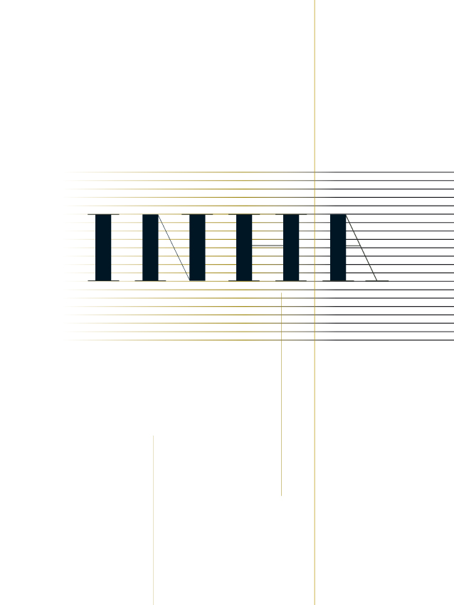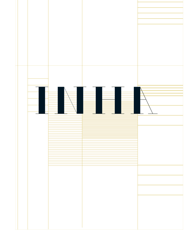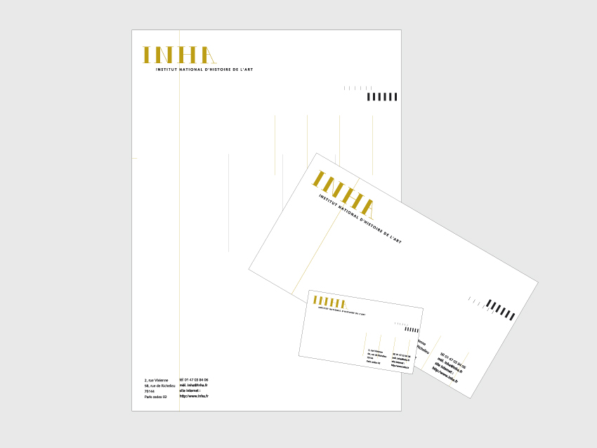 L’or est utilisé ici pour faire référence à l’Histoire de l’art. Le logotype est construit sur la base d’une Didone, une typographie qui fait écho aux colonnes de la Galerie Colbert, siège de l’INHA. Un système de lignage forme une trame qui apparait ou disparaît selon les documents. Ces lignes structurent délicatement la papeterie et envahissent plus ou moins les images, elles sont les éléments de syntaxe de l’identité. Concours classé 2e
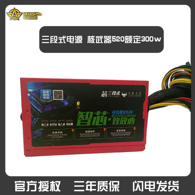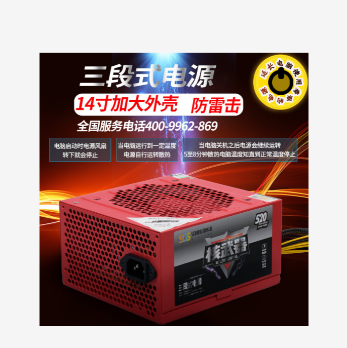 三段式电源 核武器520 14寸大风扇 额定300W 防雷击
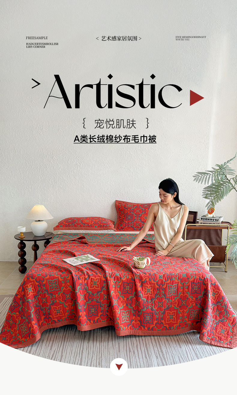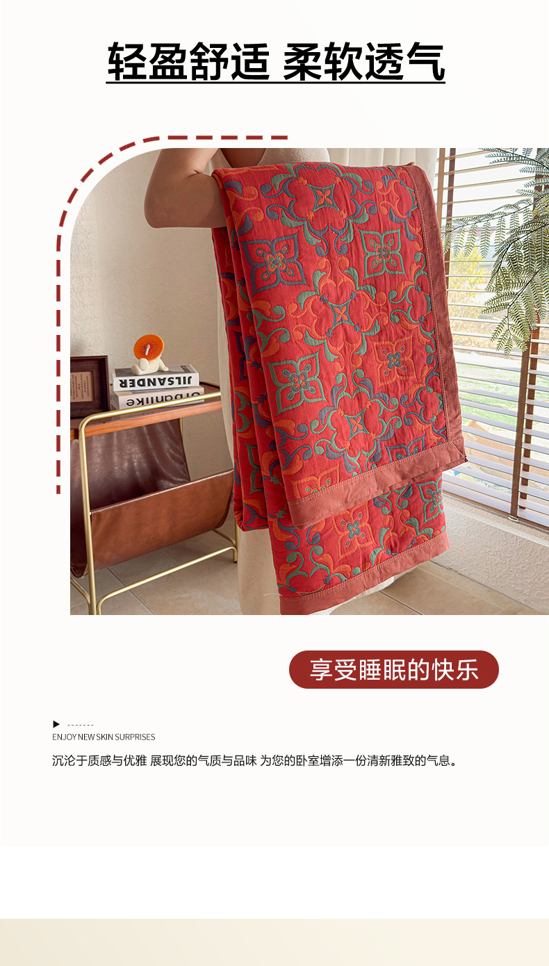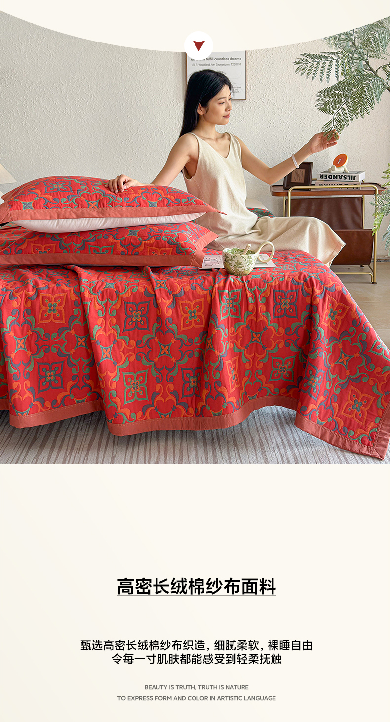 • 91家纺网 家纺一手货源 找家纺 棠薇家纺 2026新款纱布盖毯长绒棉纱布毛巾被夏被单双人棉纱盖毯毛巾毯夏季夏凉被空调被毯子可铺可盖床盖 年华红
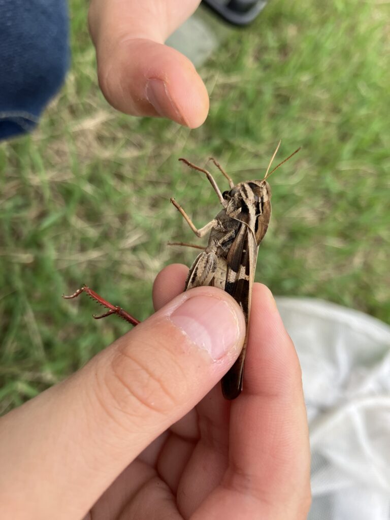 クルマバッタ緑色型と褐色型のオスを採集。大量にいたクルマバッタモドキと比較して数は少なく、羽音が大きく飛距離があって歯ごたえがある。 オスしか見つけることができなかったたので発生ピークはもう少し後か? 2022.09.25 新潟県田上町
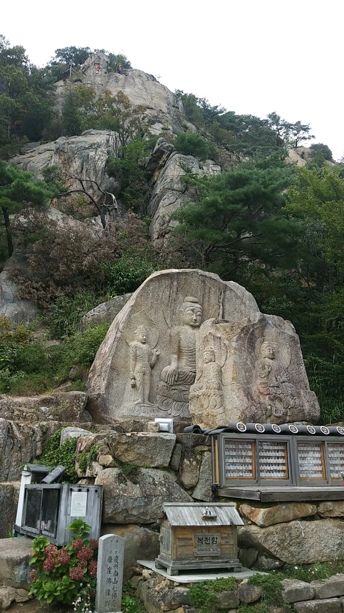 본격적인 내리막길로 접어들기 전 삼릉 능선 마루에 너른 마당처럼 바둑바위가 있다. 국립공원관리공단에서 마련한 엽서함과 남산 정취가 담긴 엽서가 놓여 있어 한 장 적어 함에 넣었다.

::::::

◆ **What is needed**:
Quote the preceding records in their entirety, excluding every picture.

◆ **Task output**:
 L’or est utilisé ici pour faire référence à l’Histoire de l’art. Le logotype est construit sur la base d’une Didone, une typographie qui fait écho aux colonnes de la Galerie Colbert, siège de l’INHA. Un système de lignage forme une trame qui apparait ou disparaît selon les documents. Ces lignes structurent délicatement la papeterie et envahissent plus ou moins les images, elles sont les éléments de syntaxe de l’identité. Concours classé 2e
 三段式电源 核武器520 14寸大风扇 额定300W 防雷击
 • 91家纺网 家纺一手货源 找家纺 棠薇家纺 2026新款纱布盖毯长绒棉纱布毛巾被夏被单双人棉纱盖毯毛巾毯夏季夏凉被空调被毯子可铺可盖床盖 年华红
 クルマバッタ緑色型と褐色型のオスを採集。大量にいたクルマバッタモドキと比較して数は少なく、羽音が大きく飛距離があって歯ごたえがある。 オスしか見つけることができなかったたので発生ピークはもう少し後か? 2022.09.25 新潟県田上町
 본격적인 내리막길로 접어들기 전 삼릉 능선 마루에 너른 마당처럼 바둑바위가 있다. 국립공원관리공단에서 마련한 엽서함과 남산 정취가 담긴 엽서가 놓여 있어 한 장 적어 함에 넣었다.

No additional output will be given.